Tuesday, 20 June 2023

Games of the Abstract: Castlevania (1986)



Developer: Konami

Publisher: Konami

One Player

Famicom Disk System / Nintendo Entertainment System

 

Castlevania is a franchise I got to with later games where more bombast and advanced graphical capabilities were brought in, starting with Castlevania: Bloodlines (1994) for the Sega Genesis / Mega Drive. It says so much however that, with the first game in the franchise you can feel already right at home and see all the virtues which were going to be improved upon, only being elaborated upon as this went. Originally released on the Famicom Disk System, a Japanese only peripheral for the Japanese version of the Nintendo Entertainment System/Famicom that used floppy discs, this could have accidentally become a game lost on one of the many peripheral and gimmicks Nintendo have brought to their consoles, which do offer some idiosyncratic work but rather get preserved and re-released by the company. Thankfully, with a cartridge version of the game which got a release in the West, this franchise would continue, developing a fan base from what Konami added to the original game’s template.

With the first member of the Belmont family, Simon Belmont, having to go forth to defeat Dracula, already the important game play tropes for Simon there for him to use, and the impede him and the player. Having played the later games, it does present a difficulty in a way to talk of this game as the later sequels for the 32 bit systems especially took all here and improved upon them including in atmosphere. Even the way you defeat Dracula’s first form, by whipping him in the head, was taken for Castlevania II: Belmont's Revenge (1991) for the Game Boy, so this game went on to influence all the later games in a variety of ways. What is however of note is that, for one of my forays into the third era of video games, this for the NES looks exceptional without any expectations for the era. Based on the premise of all history's horror and mythological figures being in Dracula's payroll to prevent people getting to him, the atmosphere is already there with its Gothic aesthetic even with the NES' technical restrictions including colour. The music by Kinuyo Yamashita and Satoe Terashima is insanely memorable too, marking the first notes (literally) of seminal soundtrack cuts for this franchise. Even in terms of the franchise's quirks into the later games, such as its obsessions with stairs, they show the charm of this franchise from the get-go.

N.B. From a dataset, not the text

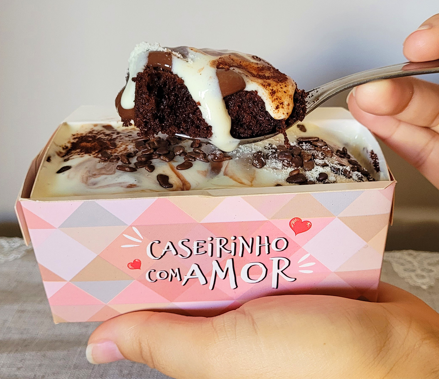 Esse modelo tem 11,5 x 5 x 5,5 cm e capacidade de massa crua de aproximadamente 100 gramas. A estampa delicada tem um tom de rosa e bege, com a frase “Caseirinho com amor”, inspirada em produtos artesanais.

Saying Castlevania is hard is like saying water is wet, but it is credible to the game how, with a lot of the challenge, it is negotiating the hazards even if I admit being terrible still with this franchise. The infamous Medusa heads for example, introduced here for the first time, fly in swerving patterns in arches, and were clearly designed to be mostly dodged when they are positioned in platform heavy sections. The challenge is tough but it is a game of dodging as much as attacking, even to the point you could miss most of the enemies, without needing to attack them, baring a few obstructing key areas. There are a few moments which show it could have been refined - the level with clockwork platforms, the first time for the series, has a few areas in that tiny section where it is confusing what is a platform you can land on jumping to it, rather than plummet to doom, and Dracula's final form is not well signposted for its moves - but I give credit to the game for a lot of surprising fairness even as a hard game. It could have been meaner than I got, and including the failed likes of Castlevania: The Adventure (1989), I have been prepared for this gameplay style, and how there is always a surprise piece of meat broken from a piece of whipped wall for health, even if done by pure accident as much as trying to find anything deliberately.

Castlevania is also pure fun if you can accept its difficulty, especially as this is also with a level of delirium to its Gothic tone. Appropriately there was a version of this NES game developed for the arcades, the VS. Castlevania version, which is apt as whilst this was a console game, this feels like an arcade game even in terms of its own surreal logic, especially when you have giant eagles dropping flea men at you in that aforementioned clockwork environment without context before and after. You find yourself fighting Igor and Frankenstein’s monster as a duo boss without having to ask why they are here, whether this is an extension of those forties Universal monster movie crossovers where Dracula got them and the Grim Reaper of all figures to help him out, and logic does not exist when the dreamlike spectacle in a rock hard NES game is too good to question. This franchise could have capsized, as it could have been derailed by the immediate sequel Castlevania II: Simon's Quest (1987), an ambitious if divisive attempt to bring role playing and open world aspects to the series. That is a game that needs to be taken in separately as its own thing for a proper judgement, as it was a game both with its own ambitious ideas and problems with the translation of its more bluntly esoteric decisions, but alongside a huge 180 degrees turn back to what worked, Castlevania thankfully went a direction I appreciated immensely.